[Extracted records]
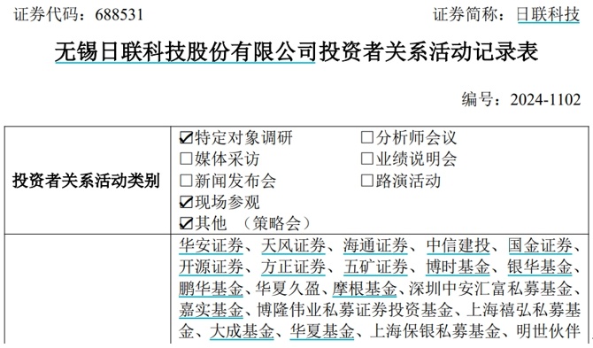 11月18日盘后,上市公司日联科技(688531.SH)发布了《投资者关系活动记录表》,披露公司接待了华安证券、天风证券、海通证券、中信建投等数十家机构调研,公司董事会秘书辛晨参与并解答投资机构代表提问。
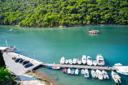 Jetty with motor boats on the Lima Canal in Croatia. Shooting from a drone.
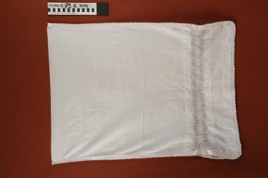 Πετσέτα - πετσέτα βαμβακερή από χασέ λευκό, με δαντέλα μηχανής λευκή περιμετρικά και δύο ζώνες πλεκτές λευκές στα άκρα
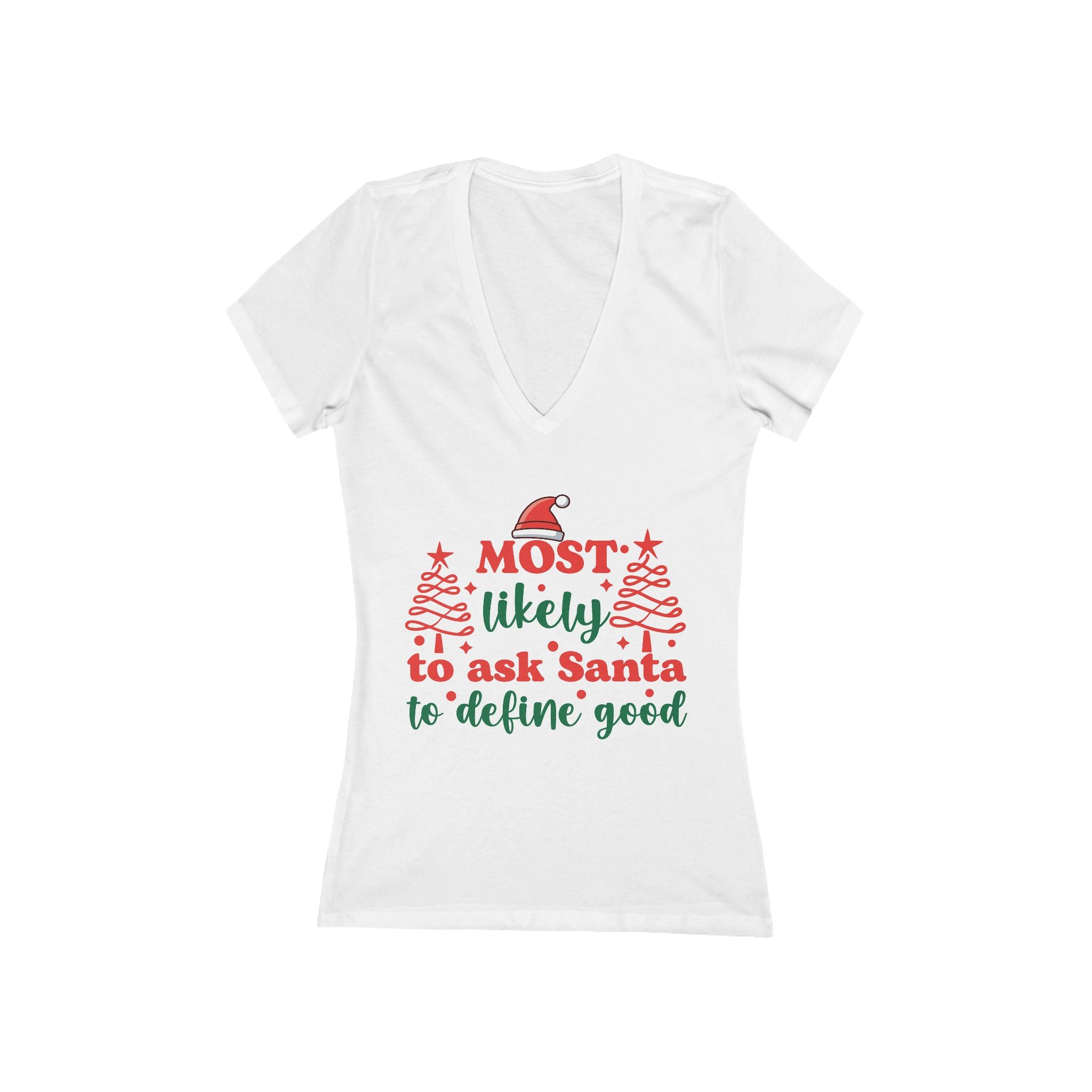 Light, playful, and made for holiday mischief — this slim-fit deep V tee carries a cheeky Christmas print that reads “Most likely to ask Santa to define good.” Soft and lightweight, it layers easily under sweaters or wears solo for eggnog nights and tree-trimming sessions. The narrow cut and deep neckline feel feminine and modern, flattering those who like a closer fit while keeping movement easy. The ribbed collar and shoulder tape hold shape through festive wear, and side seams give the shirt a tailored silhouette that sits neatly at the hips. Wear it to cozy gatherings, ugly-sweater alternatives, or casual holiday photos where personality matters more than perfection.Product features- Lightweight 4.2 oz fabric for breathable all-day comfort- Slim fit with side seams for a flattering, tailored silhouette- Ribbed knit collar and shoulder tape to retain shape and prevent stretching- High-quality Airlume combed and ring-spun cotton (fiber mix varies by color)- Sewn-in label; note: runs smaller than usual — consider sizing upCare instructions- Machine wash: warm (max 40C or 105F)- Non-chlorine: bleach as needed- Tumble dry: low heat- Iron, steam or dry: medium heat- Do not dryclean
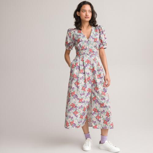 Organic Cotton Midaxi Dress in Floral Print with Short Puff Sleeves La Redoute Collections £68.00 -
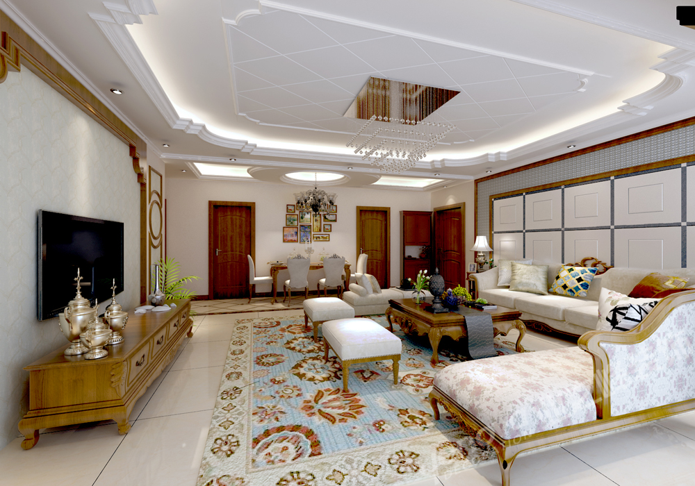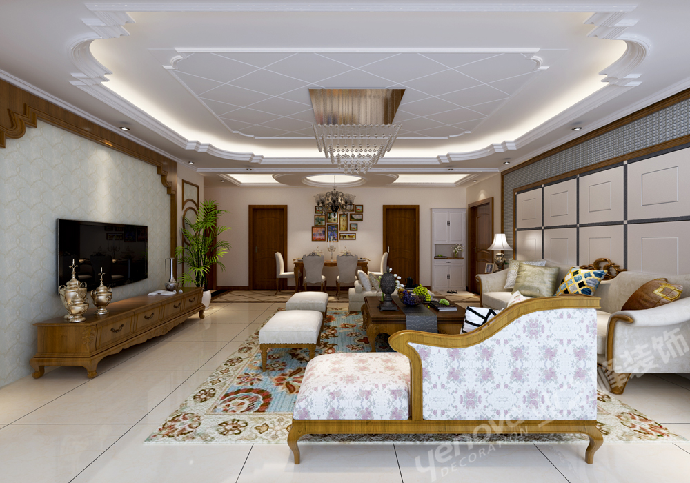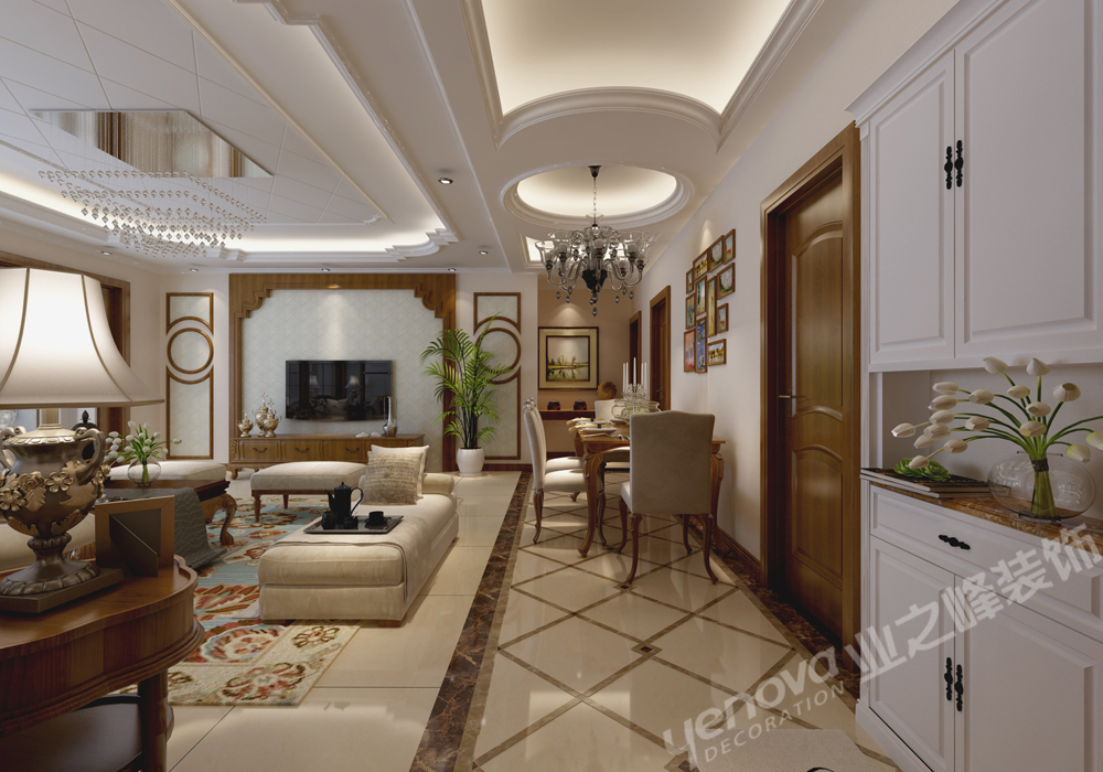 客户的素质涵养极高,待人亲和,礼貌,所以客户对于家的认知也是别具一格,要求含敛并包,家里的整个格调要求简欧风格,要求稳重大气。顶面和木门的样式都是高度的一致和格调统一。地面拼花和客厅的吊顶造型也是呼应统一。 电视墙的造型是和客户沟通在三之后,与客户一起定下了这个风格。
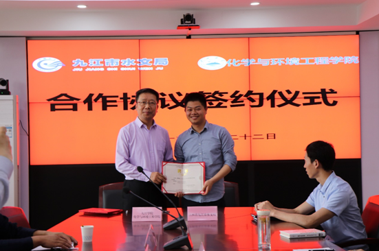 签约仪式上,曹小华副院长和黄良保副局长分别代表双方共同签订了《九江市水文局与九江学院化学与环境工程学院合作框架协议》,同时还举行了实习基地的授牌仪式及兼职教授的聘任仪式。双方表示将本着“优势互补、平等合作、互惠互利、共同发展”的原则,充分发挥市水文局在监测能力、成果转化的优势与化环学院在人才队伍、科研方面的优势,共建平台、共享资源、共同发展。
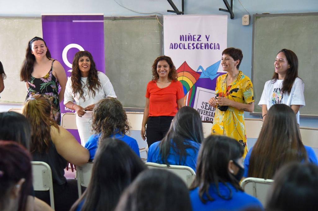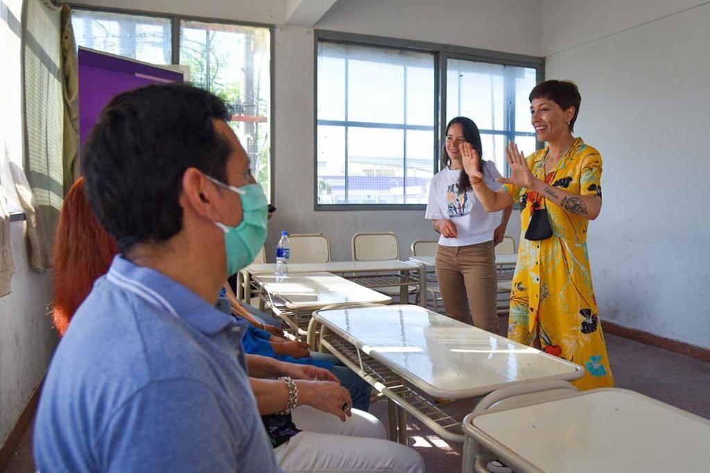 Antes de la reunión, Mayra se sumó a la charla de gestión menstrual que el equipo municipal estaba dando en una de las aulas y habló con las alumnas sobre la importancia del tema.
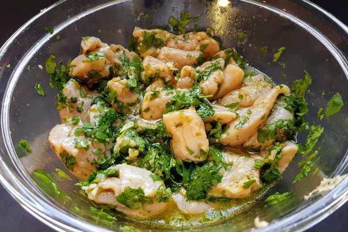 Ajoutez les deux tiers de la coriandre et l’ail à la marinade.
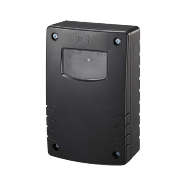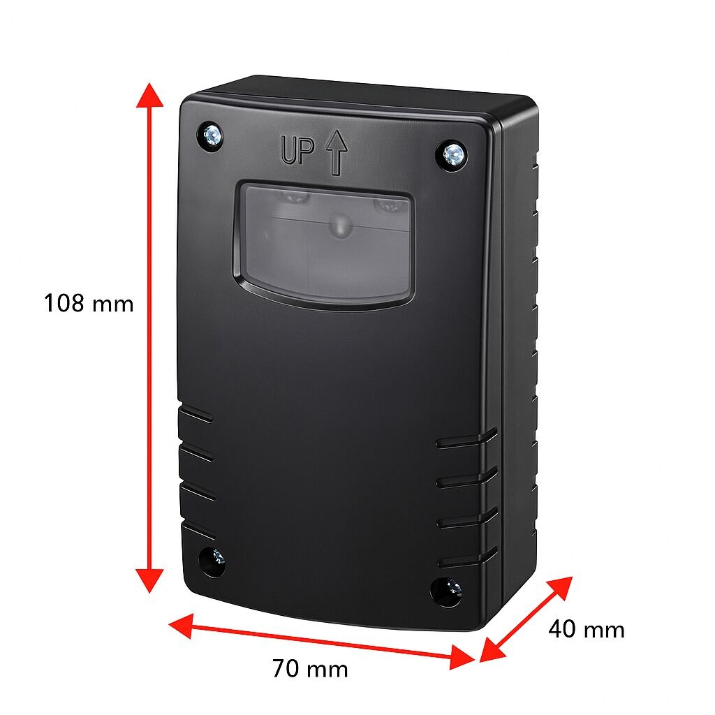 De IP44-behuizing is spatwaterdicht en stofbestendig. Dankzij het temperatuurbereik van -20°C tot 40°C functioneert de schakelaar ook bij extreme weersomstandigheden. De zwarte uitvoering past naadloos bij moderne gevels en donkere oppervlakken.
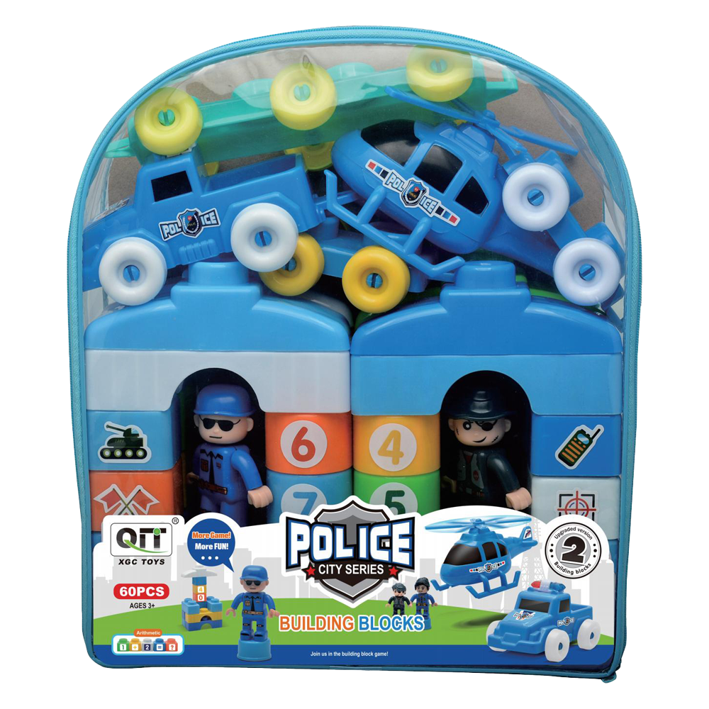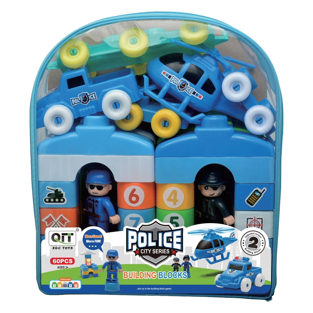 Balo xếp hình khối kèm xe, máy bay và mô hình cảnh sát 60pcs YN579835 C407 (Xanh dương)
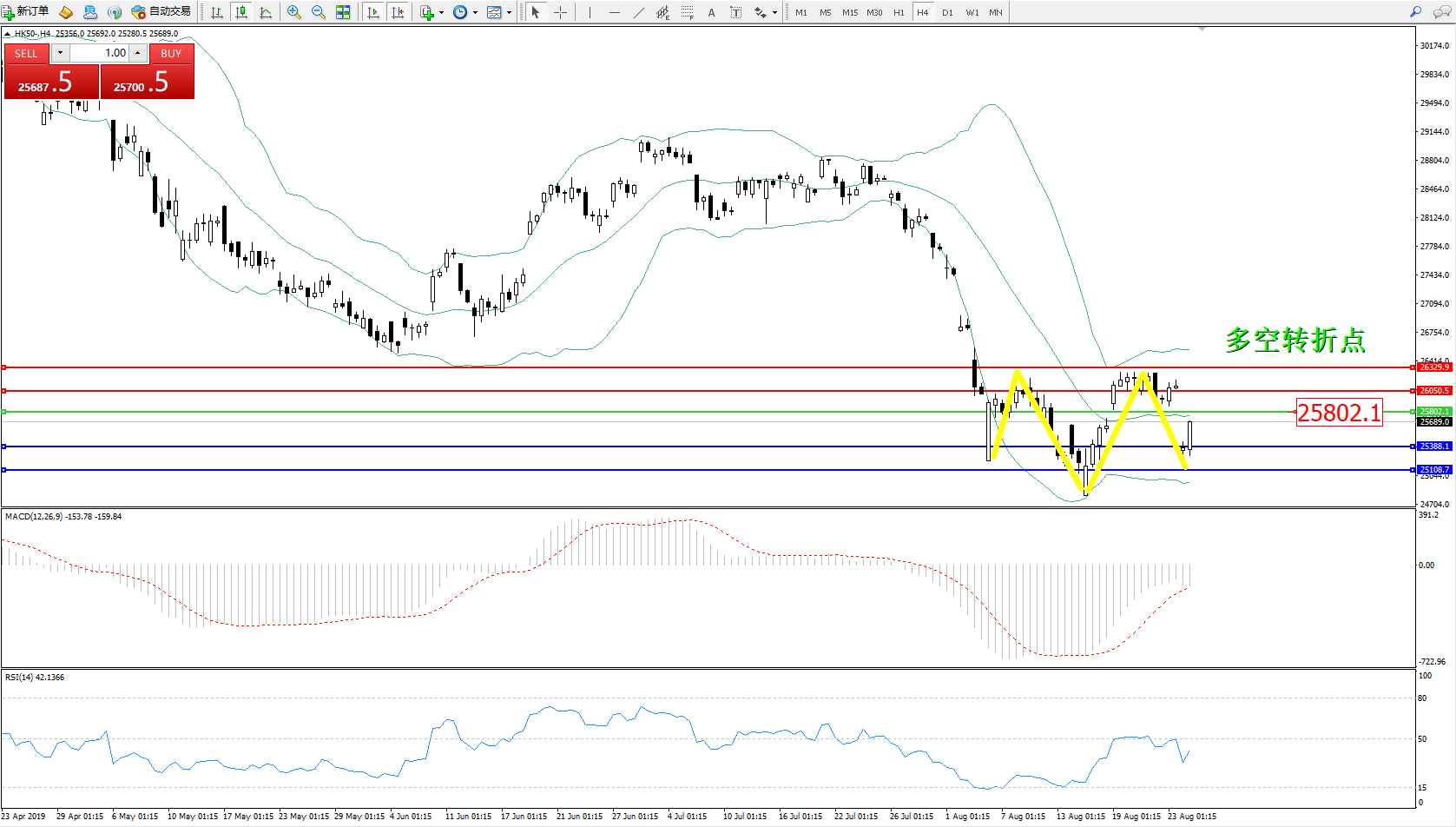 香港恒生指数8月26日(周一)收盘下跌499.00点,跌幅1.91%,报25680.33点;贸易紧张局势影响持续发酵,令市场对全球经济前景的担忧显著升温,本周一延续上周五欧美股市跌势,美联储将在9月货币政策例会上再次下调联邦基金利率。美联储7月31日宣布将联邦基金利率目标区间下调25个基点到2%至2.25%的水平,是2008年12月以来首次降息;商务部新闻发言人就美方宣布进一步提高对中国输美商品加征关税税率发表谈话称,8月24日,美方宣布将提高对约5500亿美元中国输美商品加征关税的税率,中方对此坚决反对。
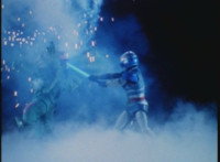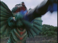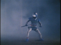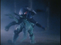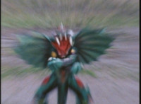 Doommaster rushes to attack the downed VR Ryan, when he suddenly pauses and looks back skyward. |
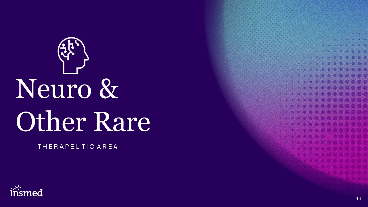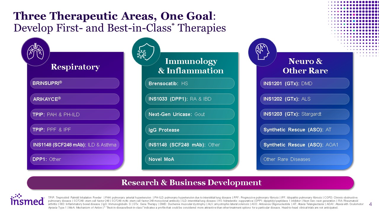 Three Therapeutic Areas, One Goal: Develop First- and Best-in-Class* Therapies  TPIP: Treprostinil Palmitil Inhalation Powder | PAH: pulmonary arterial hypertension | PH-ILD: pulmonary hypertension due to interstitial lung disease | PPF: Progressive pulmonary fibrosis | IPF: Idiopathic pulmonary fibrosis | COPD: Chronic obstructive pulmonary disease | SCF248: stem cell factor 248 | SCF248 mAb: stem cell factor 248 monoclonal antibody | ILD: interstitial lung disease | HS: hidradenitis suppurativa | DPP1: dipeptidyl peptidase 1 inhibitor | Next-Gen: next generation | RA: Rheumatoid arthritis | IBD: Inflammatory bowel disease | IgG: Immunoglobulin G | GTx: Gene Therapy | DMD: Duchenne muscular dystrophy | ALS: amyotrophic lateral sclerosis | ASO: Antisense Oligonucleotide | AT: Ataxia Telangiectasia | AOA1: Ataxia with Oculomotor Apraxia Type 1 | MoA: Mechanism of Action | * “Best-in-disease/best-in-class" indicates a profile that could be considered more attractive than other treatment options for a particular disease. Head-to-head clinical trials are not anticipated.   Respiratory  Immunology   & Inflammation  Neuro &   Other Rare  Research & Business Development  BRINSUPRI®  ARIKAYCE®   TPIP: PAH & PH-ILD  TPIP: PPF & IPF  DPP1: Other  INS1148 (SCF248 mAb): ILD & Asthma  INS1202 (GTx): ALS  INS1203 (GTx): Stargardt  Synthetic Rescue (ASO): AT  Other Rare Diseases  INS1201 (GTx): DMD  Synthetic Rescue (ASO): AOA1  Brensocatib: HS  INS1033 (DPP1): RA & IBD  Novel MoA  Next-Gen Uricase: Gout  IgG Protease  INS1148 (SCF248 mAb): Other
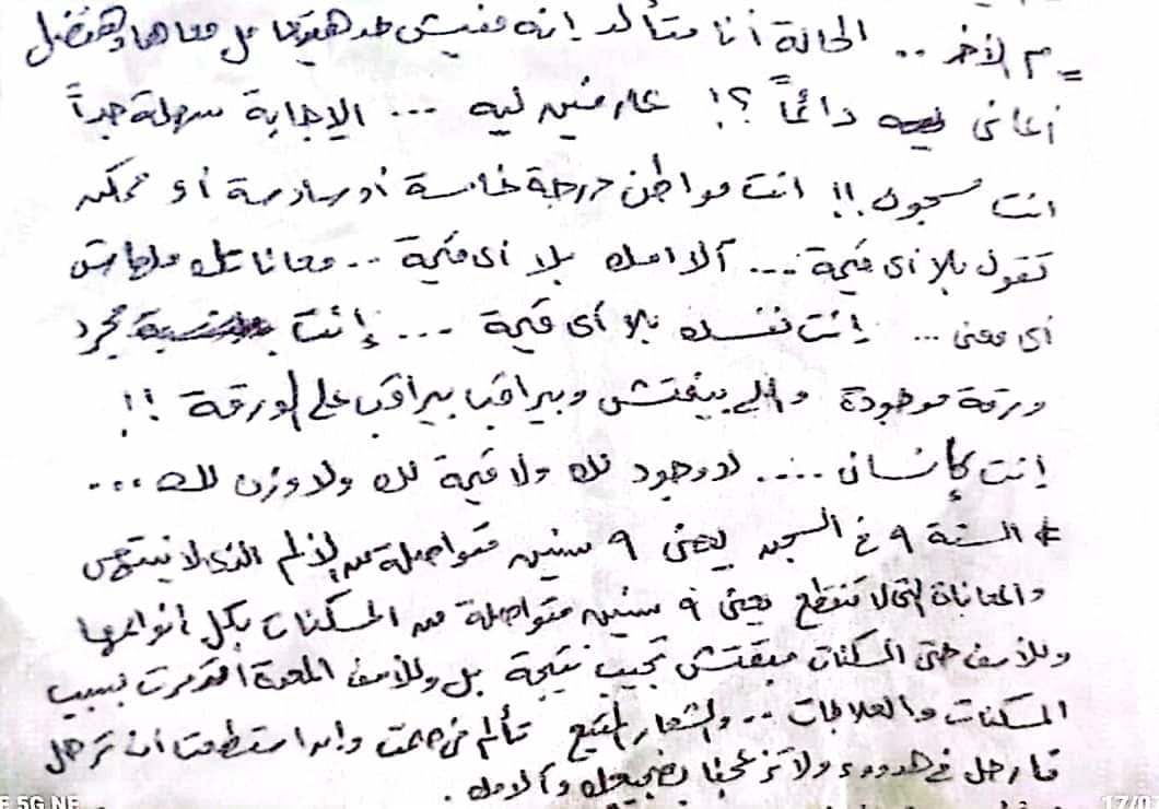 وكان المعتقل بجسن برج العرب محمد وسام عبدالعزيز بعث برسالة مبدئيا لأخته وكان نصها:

**WHAT TO PRODUCE**
Write back word for word every line in the entries above from the one with "客户的素质涵养极高,待人亲和" to the one with "签约仪式上,曹小华副院长和黄", ends included, and none of the pictures.

**RESULT OF THE TASK**
 客户的素质涵养极高,待人亲和,礼貌,所以客户对于家的认知也是别具一格,要求含敛并包,家里的整个格调要求简欧风格,要求稳重大气。顶面和木门的样式都是高度的一致和格调统一。地面拼花和客厅的吊顶造型也是呼应统一。 电视墙的造型是和客户沟通在三之后,与客户一起定下了这个风格。
 签约仪式上,曹小华副院长和黄良保副局长分别代表双方共同签订了《九江市水文局与九江学院化学与环境工程学院合作框架协议》,同时还举行了实习基地的授牌仪式及兼职教授的聘任仪式。双方表示将本着“优势互补、平等合作、互惠互利、共同发展”的原则,充分发挥市水文局在监测能力、成果转化的优势与化环学院在人才队伍、科研方面的优势,共建平台、共享资源、共同发展。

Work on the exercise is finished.